Research Information System
JOURNAL OF PHOTOCHEMISTRY AND PHOTOBIOLOGY A-CHEMISTRY, vol.421, 2021 (SCI-Expanded, Scopus)
Herein, a rhodamine based nanosensor platform (RHD-NPs) was designed and prepared for the sensing of Hg2+ in the near-perfect aqueous medium (v/v, 0.01/99.99, acetone/water). The structure, aqueous stability, surface charge and particle size of RHD-NPs were analyzed by using zeta particle sizer, scanning electron microscopy (SEM) and UV-Vis spectrophotometry. The spherical shaped morphology of RHD-NPs has 61.4 nm particule size. The interaction ability of RHD-NPs towards various heavy metal ions was evaluated with UV-Vis and fluorescence spectroscopies. After the transferring of Hg2+ to RHD-NPs, a new absorption band at 562 nm was observed due to the ring-opening mechanism of rhodamine structure. The remarkable emission enhancement at 582 nm was observed through the adding of Hg2+ because of chelation-enhanced fluorescence (CHEF) and aggregation-induced enhanced emission (AIEE) phenomena.
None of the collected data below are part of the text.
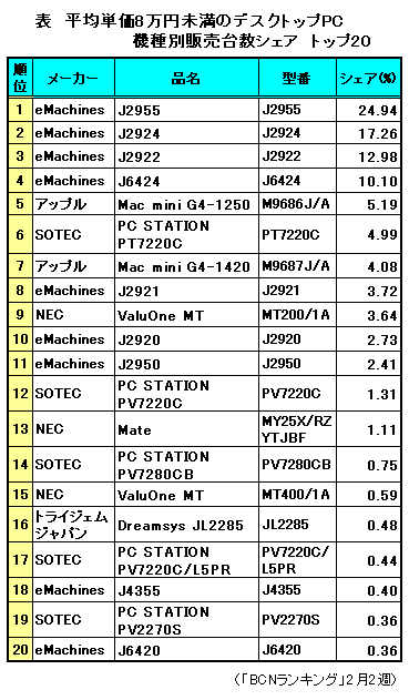 NECでは、主軸のVALUESTARシリーズとは全く異なるシンプル・低価格路線の新シリーズ「ValueOneシリーズ」をラインアップ。シリーズの上位機種である「MT400/1A」が店頭価格7万円台中盤、下位機種の「MT200/1A」については6万円台中盤と、激安路線の他メーカーと真っ向から張り合う低価格路線をとっており、この市場での同社の意気込みが伺える。「BCNランキング」2月2週から、平均単価8万円未満のデスクトップPC販売台数シェアトップ20をみると、早くも9位に「MT200/1A」がランクインしている(表)。
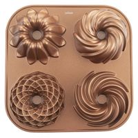 Forma do pieczenia czterech babeczek w różnych kształtach. Babeczki możemy przygotować z ciasta drożdżowego oraz ucieranego. Każdy z otworów posiada wyjątkowy wzór, dzięki czemu upieczone babeczki będą niezwykle efektownie prezentować się na stole. W formie możemy przygotować również wytrawne desery, pasztety a nawet mini chałki. Forma malowana jest natryskowo w kolorze miedzi. Łatwa w czyszczeniu i wygodna w użytkowaniu. Forma nie nadaje się do mycia w zmywarce do naczyń. Zapakowana jest w kartonowe pudełko, stanowi wyjątkowy prezent dla miłośników przygotowywania słodkich wypieków. Oryginalny produkt czeskiej marki Orion. Wyprodukowano zgodnie z europejskimi standardami.
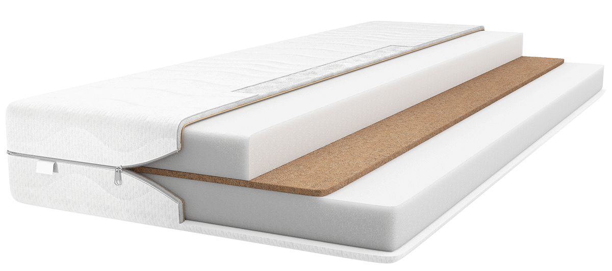 Dve vrstvy polyuretánovej peny oddelené vrstvou kokosovej rohože. Kokosové vlákna zvyšujú tvrdosť a stabilitu a zabezpečujú správnu oporu pre chrbticu. Vybavený mäkkým poťahom so zipsom, ktorý možno jednoducho zložiť a vyprať. Matrac s výškou 8 cm. Hipoalergénne materiály.
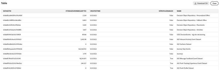 Indicación: Enumerar los conjuntos de datos habilitados para el perfil, su tamaño, si está habilitado para el perfil y, cuándo se crearon, ordenados por tamaño descendente. Excluir conjuntos de datos del sistema. Añadir a la lista el flujo de datos.
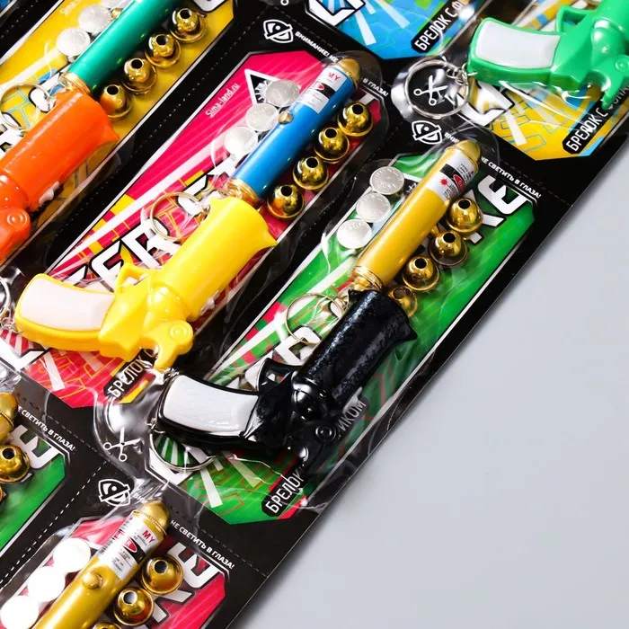 Фонарик брелок для ключей на кольце «Брелок световой», лазер 5 насадок 6.5×1×1 см, 8×4×2 см, МИКС — Характеристики
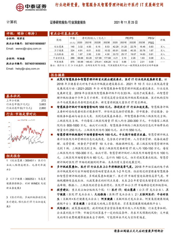 【中泰证券】【20211125】20211125-中泰证券-计算机行业深度报告:行业迎新变量,智慧服务及智慧管理评级打开医疗IT发展新空间-20页 行业研究
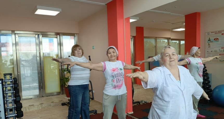 Коллектив с удовольствием выполнил упражнения, зарядился энергией на весь день!
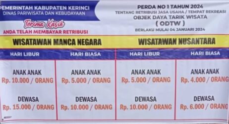 Pemerintah kabupaten Kerinci sudah resmi menetapkan tarif masuk objek wisata yang dikelola pemerintah daerah. Ada 5 objek wisata yang sudah ditetapkan tarif masuk.

RHD-NPs nanosensor system showed good selectivity for Hg2+ monitoring with a nanomolar-level detection limit of 6.56 nM. The binding constant of RHD-NPs with Hg2+ was determined to be 10.06 x 10(3) M-1 based on the Benesi-Hildebrand graph and a maximum value of Job's graph was about 0.5 ratio (1:1) between RHD-NPs and Hg2+.The smartphone-based technique revealed an outstanding potential of the RHD-NPs platform for the sensing of Hg2+ without further device. A visual colorimetric strip based on papers with excellent selectivity towards Hg2+ without interfering competition ions, was produced with the white-to-pink color signal change. The RHD-NPs was also employed for the quantitative determination and real-time monitoring of Hg2+ in real samples.